Matching two CSV files is one of the most common data tasks in any analytics or engineering workflow. You have a list of customers in one file and a list of leads in another. Or product records from two suppliers. Or employee data from an HRIS export and a payroll system dump. The goal is the same: figure out which rows in file A correspond to which rows in file B.

Python is the natural first choice. The ecosystem is rich, the libraries are well-documented, and most data professionals already have pandas installed. But as matching complexity grows, the gap between what a script can handle and what the job actually requires widens faster than most people expect.

This post walks through the Python approach at three levels of sophistication, then gives you a framework for deciding when to stop building and start using a purpose-built tool.

The basic approach: pandas merge on a shared key

If both CSV files share a clean, unique key column — an email address, a product SKU, a customer ID — then pd.merge() is all you need.

import pandas as pd

df1 = pd.read_csv("customers.csv")
df2 = pd.read_csv("leads.csv")

matched = pd.merge(df1, df2, on="email", how="inner")

The how parameter controls the join type: inner returns only rows that match in both files, left keeps all rows from the first file, outer keeps everything.
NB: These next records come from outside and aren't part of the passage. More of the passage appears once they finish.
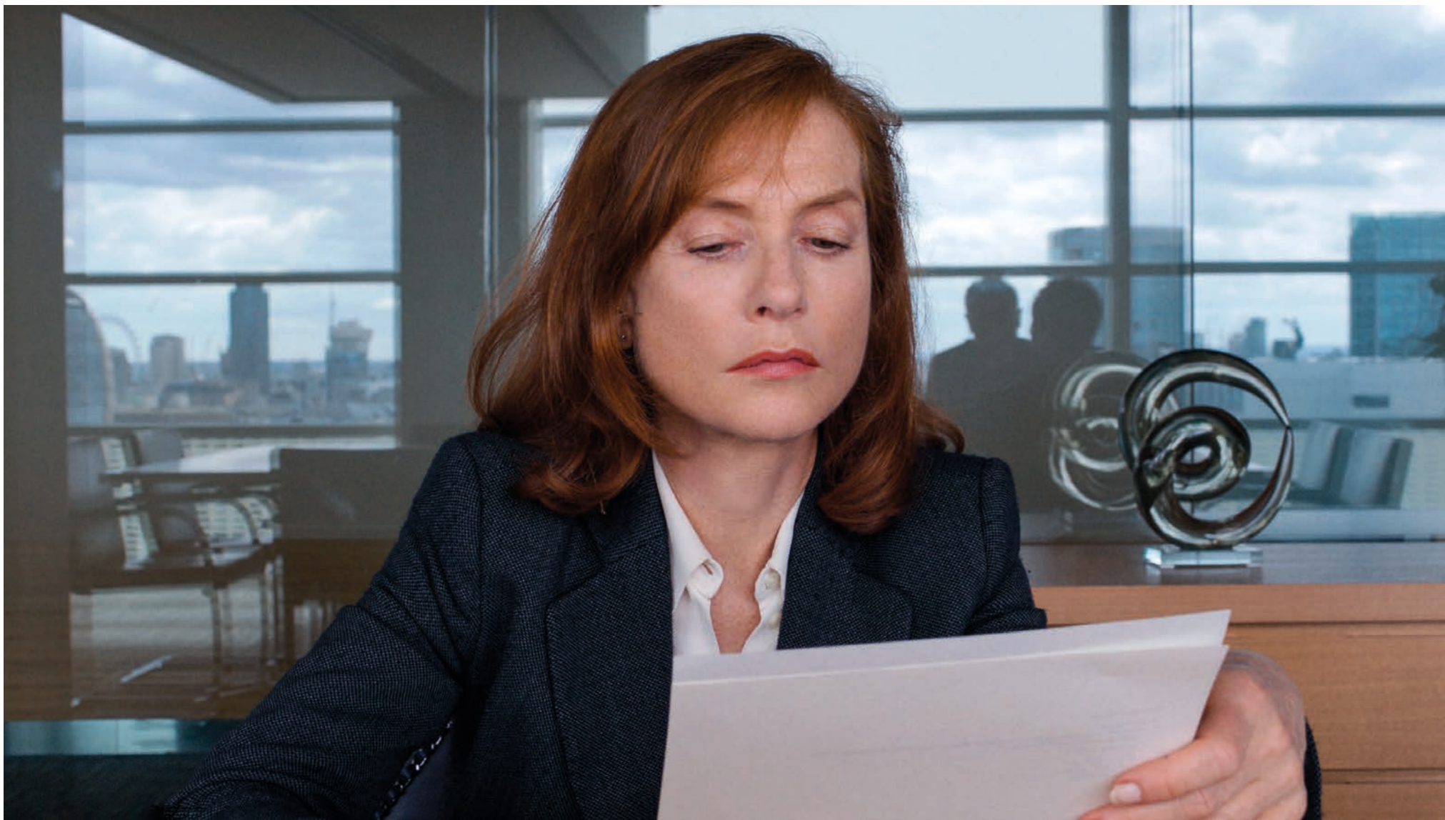
• ANNE LAURENT ( La fille de Georges / Georges's daughter / Die Tochter von Georges ) : ISABELLE HUPPERT
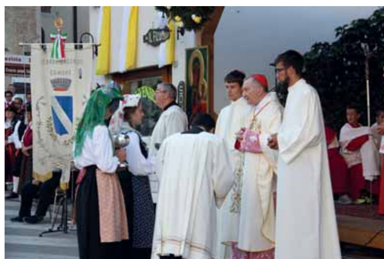
Il momento delle offerte
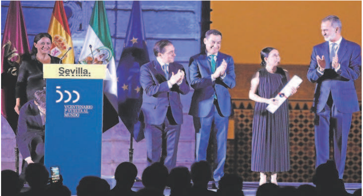
Felipe VI hizo entrega del galardón a Eva Yerbabuena en el Real Alcázar, en la imagen junto al resto de autoridades
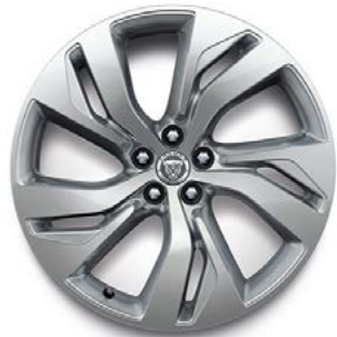
20" MIT 5 DOPPELSPEICHEN (STYLE 5120) SATIN DARK GREY, DIAMOND TURNED Serienausstattung für R-Dynamic HSE
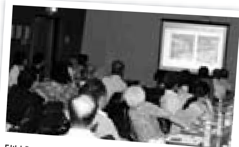
「地域での災害時の対応について学びました(上温品)」
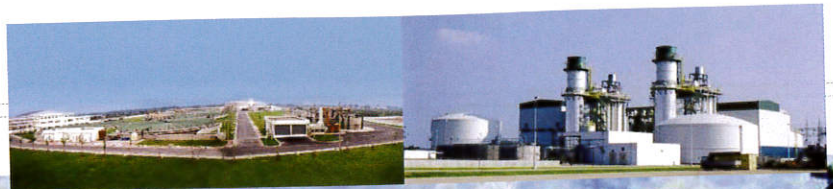
ผลงาน: บริษัท เนาวรัตน์พัฒนาการ จำกัด (มหาชน)

SEAFCO มีแนวโน้มผลประกอบการ ไตรมาส 3/2553 มีโอกาสพลิกเป็นกำไร เนื่องจาก ไตรมาสดังกล่าวสามารถรับรู้รายได้อย่างน้อย 1.3 พันล้านบาท เพราะมีงานในมือที่รอรับรู้ รายได้ (Backlog) มูลค่าประมาณ 1.7 พันล้าน บาท คาดว่าจะรับรู้ในปีนี้ 1 พันล้านบาท และ โครงการรถไฟฟ้าสายสีม่วงที่รับช่วงต่อจาก บริษัท
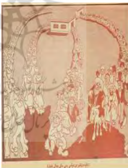
شکل ۲۸- تهران مصور، ۱۷ اسفند ۱۳۲۴، ش ۱۴۶ شکل ۲۹- تهران مصور، ۵ مهر ۱۳۲۵، ش ۱۷۱
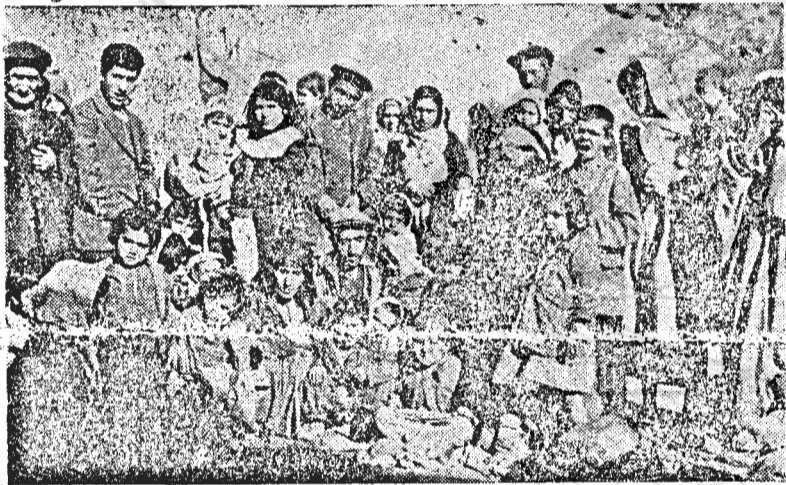
مردان و زنان و کودکان محروم و آواره یهودی درخه ها و گنیسهای محله با فقر و فلاکت دست بگریانند بقیه در صفحه ۲

متوسط الحال بسوی فقر و گرسنگی سوق داده میشوند
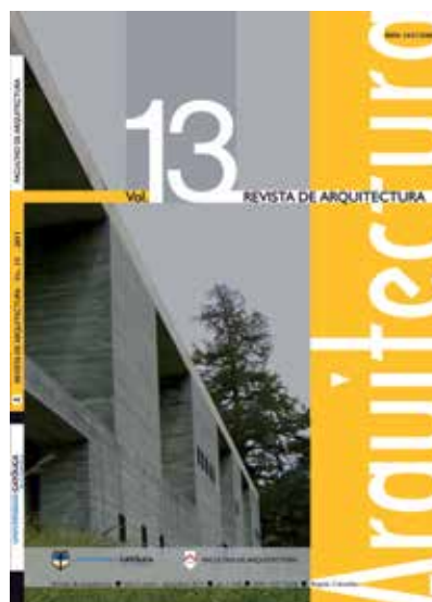
Figura 2. Volumen 13 de la Revista de Arquitectura

La sección de “Cultura y espacio urbano” ha sido orientada por las miradas sobre temas como imaginarios y representaciones sociales e historia urbana. “Proyecto arquitectónico y urbano” ha ocupado mayor protagonismo y se pueden destacar diferentes frentes de acción, como la historia y la crítica arquitectónica, la construcción del proyecto como problema formal, espacial y social, así como la pedagogía y la didáctica en la arquitectura.
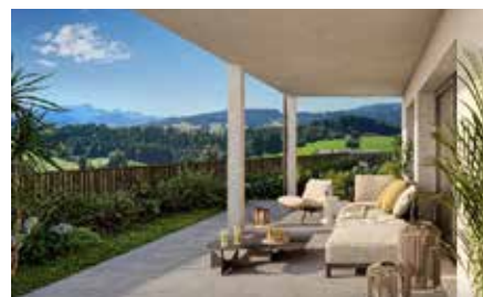
«Säntisblick»: Beim Projekt «Säntisblick» der Ammann & Ehrbar Immobilien AG werden vier Reihenhäuser realisiert und verkauft.
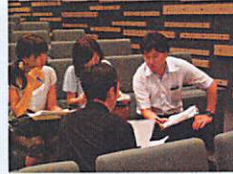
会話科・英語科部会

You can merge on multiple columns using on=["email", "last_name"] and handle column name mismatches with left_on and right_on.

This approach is fast, simple, and works perfectly when the data is clean. In practice, it rarely is. The email column in file A has john.smith@company.com while file B has JOHN.SMITH@COMPANY.COM. Or one file uses Johnson & Associates while the other uses Johnson and Associates Inc. Exact merge silently misses these — no error, no warning, just a smaller result set than expected.
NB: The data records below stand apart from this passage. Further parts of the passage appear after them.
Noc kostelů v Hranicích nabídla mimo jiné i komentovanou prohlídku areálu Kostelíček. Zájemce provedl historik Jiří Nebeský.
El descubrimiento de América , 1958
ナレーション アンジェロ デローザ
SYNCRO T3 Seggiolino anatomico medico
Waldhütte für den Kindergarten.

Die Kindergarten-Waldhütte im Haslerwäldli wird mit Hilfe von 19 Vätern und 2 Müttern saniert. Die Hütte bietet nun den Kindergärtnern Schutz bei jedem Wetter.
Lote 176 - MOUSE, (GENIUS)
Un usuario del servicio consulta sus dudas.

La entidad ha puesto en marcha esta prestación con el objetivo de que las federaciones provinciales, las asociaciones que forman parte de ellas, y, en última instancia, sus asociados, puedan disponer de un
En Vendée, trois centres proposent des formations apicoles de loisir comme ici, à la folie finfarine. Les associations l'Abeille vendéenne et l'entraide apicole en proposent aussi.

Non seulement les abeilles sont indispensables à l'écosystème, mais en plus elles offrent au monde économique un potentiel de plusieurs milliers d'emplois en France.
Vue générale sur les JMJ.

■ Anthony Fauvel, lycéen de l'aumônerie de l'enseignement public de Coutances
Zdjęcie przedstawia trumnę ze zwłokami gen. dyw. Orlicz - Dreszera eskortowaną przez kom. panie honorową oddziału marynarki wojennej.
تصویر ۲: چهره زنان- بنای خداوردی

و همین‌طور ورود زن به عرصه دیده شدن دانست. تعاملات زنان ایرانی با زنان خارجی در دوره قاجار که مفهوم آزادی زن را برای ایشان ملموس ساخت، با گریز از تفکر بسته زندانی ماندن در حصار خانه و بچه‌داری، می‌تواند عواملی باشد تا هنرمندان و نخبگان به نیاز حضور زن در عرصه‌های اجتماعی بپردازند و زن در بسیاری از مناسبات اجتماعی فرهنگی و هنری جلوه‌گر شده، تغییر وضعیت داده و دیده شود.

Exact merge is step zero, not the solution. It handles the easy cases and tells you how much of your data is clean enough to match exactly. Everything it misses needs a different approach.
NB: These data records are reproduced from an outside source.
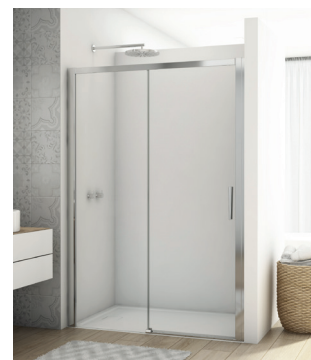
↑ DIVERA Porte coulissante 2 volets D22S2B (Poli-brillant)
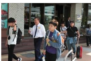
運転手さんと行ってきま～す
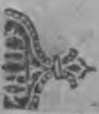
Заставка изъ закоширфного Четвероевангелія передъ евангеліемъ отъ Марфея
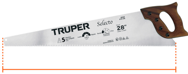
Largo de hoja 28" (70cm)
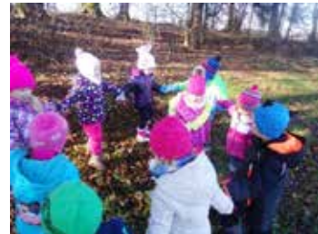
Bela, bela lilija v gozdu

Tik pred odhodom v vrtec pa smo si z otroki vedno vzeli čas za kakšno socialno ali rajalno igrice (npr. Bela, bela lilija , Diradičindara , Medved , koliko je ura ali pa Lisica , kaj rada ješ... ). V odprtem naravnem okolju so se še posebej radi povezovali med seboj, si podajali roke, zaplesali in prepevali pesmi. Prav žalostni so bili, ko smo zapuščali gozdne koticke. Ampak si vsakič dejali, da se kmalu spet vrnemo.
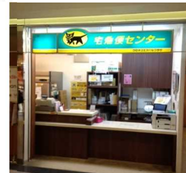
エスパル仙台の手ぶら観光カウンター
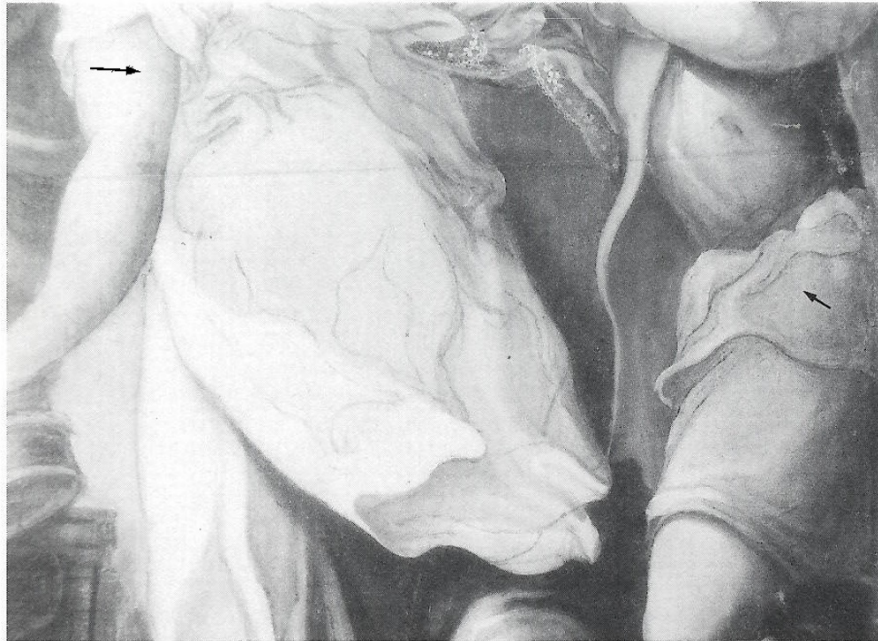
7. Criada da direita. Santa Ceia – Casa do Caraça . Infravermelho. Notam-se linhas do esboço não acompanhadas pela pintura.
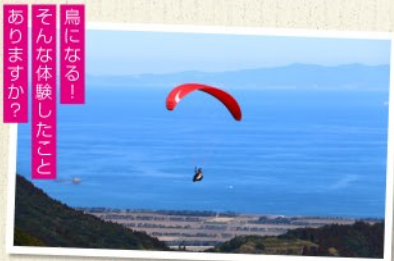
鳥になる！ そんな体験したこと ありますか？
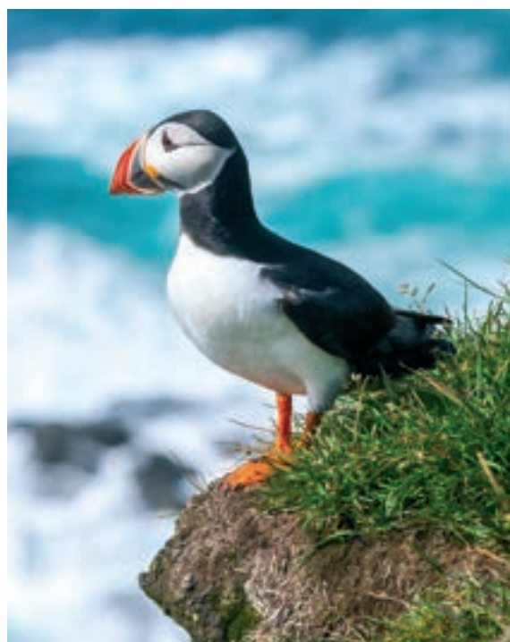
Egy másik színpompás lény a lunda: az Atlanti-óceán északi részén (Grönlandon, Észak-Kanadában, Izlandon, Faröeren, stb.) fészkel, de telelni délebbre, egészen Afrikáig is lehúzódhat

Az óra szerkezetét egy órásmester gondolta ki és készítette el.
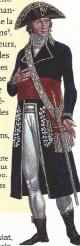
Un préfet sous le Consulat, début du XIX e siècle.

1. Allusion aux tensions et guerres civiles que la France a connues. 2. Rancunes. 3. Impôts.
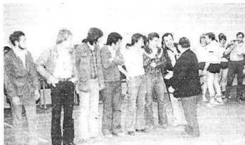
La Bayard en honneur
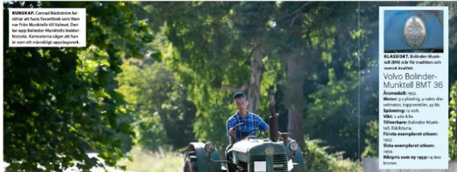
KLASSISER: Borden skapas till BMJ och för tradition och Volvo Bolander-Munktel BMT 36 är modernare i vissa delar. Men i en översikt är de båda traktorer, till exempel, av samma slag. VIKT: 4 000 kilo. TILLHÖRANDE: En Volvo Bolander-Munktel BMT 36. FÖRSTA EXEMPLAREN: Utvecklade av Edsbyn. Skapas exempelvis utifrån: Vissa traktorer som ny utgåva av den klassiska.

REKREATION: ANNIKA BUCHHELD/ANNA BUCHHELD
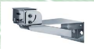
Wandmontage, Artikelnr. 2301A05110

Für das LWIR-Gehäuse sind verschiedene Zubehörteile erhältlich:
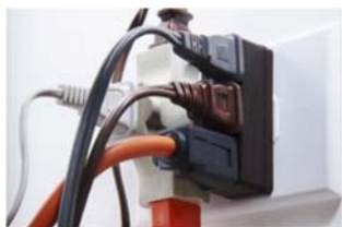
Figure 1 : Circuit surchargé

Quand un circuit est surchargé, le disjoncteur se déclenche. Cette situation se produit quand plusieurs appareils (téléphones, ordinateurs portatifs, systèmes de jeu vidéo, télévision, cafetières, séchoir à
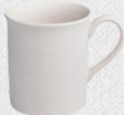
kubek 10 H9cm | Q8,5cm | V0,25L
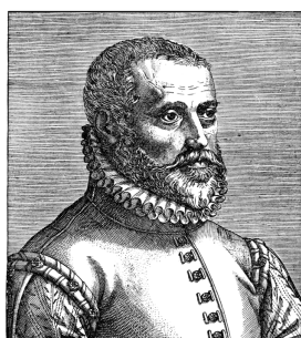
CAROLVS CLVSIVS. Tū qui PANNONIAE uisitatione lūta in hortis, Quaeque horti radice lūta in HESPERIIS, Ac flores aliq̄ue herbas productas in oras, Clusi, et in hoc horto siccatus unus eris.

important botanist in the world during his century ( Figure 1 ). 5 His patron and host at the castles in Güssing and Stadtschlaining was the humanist Hungarian lord and Turkish-battling general Boldizsár Batthyány (1537–1590), with whom he was acquainted from the scholarly circles of the imperial court in Vienna. The third colleague of the so-called Güssing School was Batthyány's Protestant clergyman, religious orator and religious writer István Beythe (1532–1612), who often guided Clusius through Vas County landscapes ( Figure 2 ). Their cooperation resulted in a book on flora that was the first of its kind in Hungary and second in Europe, the Description of the plants observed in Pannonia, Austria and the neighboring provinces (Clusius 1583), but only a small part of its floristic data is from the area of today's Hungary and Vas County. 6 In addition, Clusius and István Beythe compiled the first independent publication on this subject, the List of Pannonian plant names in Latin and Hungarian, which also marks the birth of the science of ethnobotany in Hungary (Clusius and Beythe 1583; Clusius 1584) ( Figure 3 ). István Beythe's son was András Beythe (1564–1599), whose book Fives könyv (Book on Herbs) was the second of its kind in the Hungarian language (Beythe 1595). 7

Adding fuzzy matching with fuzzywuzzy and rapidfuzz

When keys don’t match exactly, fuzzy string matching compares strings by similarity rather than equality. The fuzzywuzzy library (and its faster C-extension drop-in, rapidfuzz) provides several comparison functions out of the box.

from rapidfuzz import fuzz, process

# Compare two strings directly
score = fuzz.ratio("Johnson Associates", "Johnson & Associates Inc")
# Returns ~82

# Find best match for a string within a list
best = process.extractOne(
    "Johnson Associates",
    ["Johnson & Associates Inc", "Jackson Corp", "Johnston LLC"],
    scorer=fuzz.token_sort_ratio
)
# Returns ("Johnson & Associates Inc", 90, 0)

The token_sort_ratio scorer splits strings into tokens, sorts them alphabetically, and then compares — which makes it order-independent. token_set_ratio goes further by comparing the intersection and remainders separately, handling cases where one string has extra words.

For a full CSV matching job, you typically loop through one file and find the best match in the other:

results = []
for _, row in df1.iterrows():
    match = process.extractOne(
        row["company_name"],
        df2["company_name"].tolist(),
        scorer=fuzz.token_sort_ratio,
        score_cutoff=75
    )
    if match:
        results.append({
            "source": row["company_name"],
            "matched": match[0],
            "score": match[1]
        })

This works. For a few hundred rows, it even works quickly. But there are three problems you will hit almost immediately.

First, speed. extractOne with default settings compares the query against every candidate. With 5,000 rows in each file, that is 25 million string comparisons. The rapidfuzz library is significantly faster than fuzzywuzzy (often 10-50x), but even at microseconds per comparison, large datasets grind to a halt.

Second, multi-field matching. Real matching usually requires comparing more than one field — name plus city, or name plus phone number. Fuzzy matching libraries operate on single strings. Combining scores across fields means writing your own weighted scoring logic, deciding how to handle missing values, and testing edge cases.

Third, threshold tuning. A score_cutoff of 75 is a guess. Too low and you get false positives. Too high and you miss valid matches. The right threshold depends on your data, your field types, and how dirty the formatting is. There is no way to know without running experiments and inspecting results.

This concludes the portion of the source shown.